Amazon Alexa Scientists’ Speech Recognizer Reduce Speech Recognition Errors By 20 Percent With Semi-Supervised Learning

Artificial Intelligence News

Amazon-Alexa-Scientists’-Speech_Recognizer-Reduce-Speech-Recognition-Errors-By-20-Percent-With-Semi-Supervised-Learning Amazon Alexa Scientists’ Speech Recognizer Reduce Speech Recognition Errors By 20 Percent With Semi-Supervised LearningThe team of researchers at Amazon’s Alexa division has introduced a speech recognizer that classifies data patterns in a semi-supervised fashion. Explained in a paper titled ‘Improving Noise Robustness of Automatic Speech Recognition via Parallel Data and Teacher-Student Learning’ Minhua Wu, an applied scientist in the Alexa Speech group and colleagues claimed that an experimental model trained on 800 hours of annotated data and 7,200 hours of softly unannotated data, with a second speech system fed the same data samples. But with artificially generated noise, the design gained a 20 percent reduction in word error rate compared with the baseline.
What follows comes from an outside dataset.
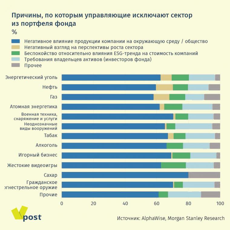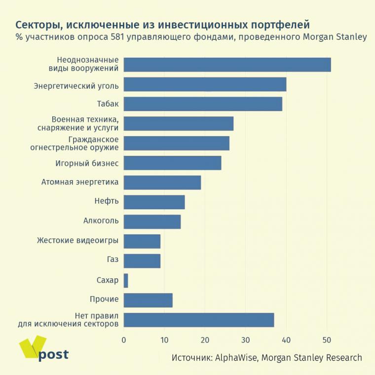 Morgan Stanley опросил 581 профессионального управляющего по всему миру о том, в компании каких секторов они отказываются вкладываться и почему. У большинства есть политика по исключению целых секторов из своих портфелей. Минимум один сектор исключен у 63% опрошенных. Из тех, у кого пока нет ограничений, 12% планируют в течение года их ввести.

In her statement, Wu stated that we hope to improve the noise robustness of the speech recognition system. Wu and colleagues described that automatic speech recognition systems comprise three core components- an acoustic model, a pronunciation model, and a language model. The acoustic model piece takes as input short audio samples or frames, and for every frame outputs thousands of probabilities, wherein each probability points toward the likelihood that any given frame belongs to a low-level phonetic representation called a senone. The acoustic model’s output, in the proposed approach, is fed into the pronunciation model that transforms the senone sequences into possible words and passes those to the language model, which encodes the probabilities of word sequences. In the end, all three Artificial Intelligence systems are work together to find out the most probable word sequence given the audio input.

Wu and colleagues reportedly forced the student model to train strictly on audio data with the highest probabilities, from five to 40, allowed it to devote more resources to differentiating among possible ones, and later minimized errors even on a noise-free test data set. As per the reports, the research is slated to be presented at the International Conference on Acoustics, Speech, and Signal Processing in Brighton this year.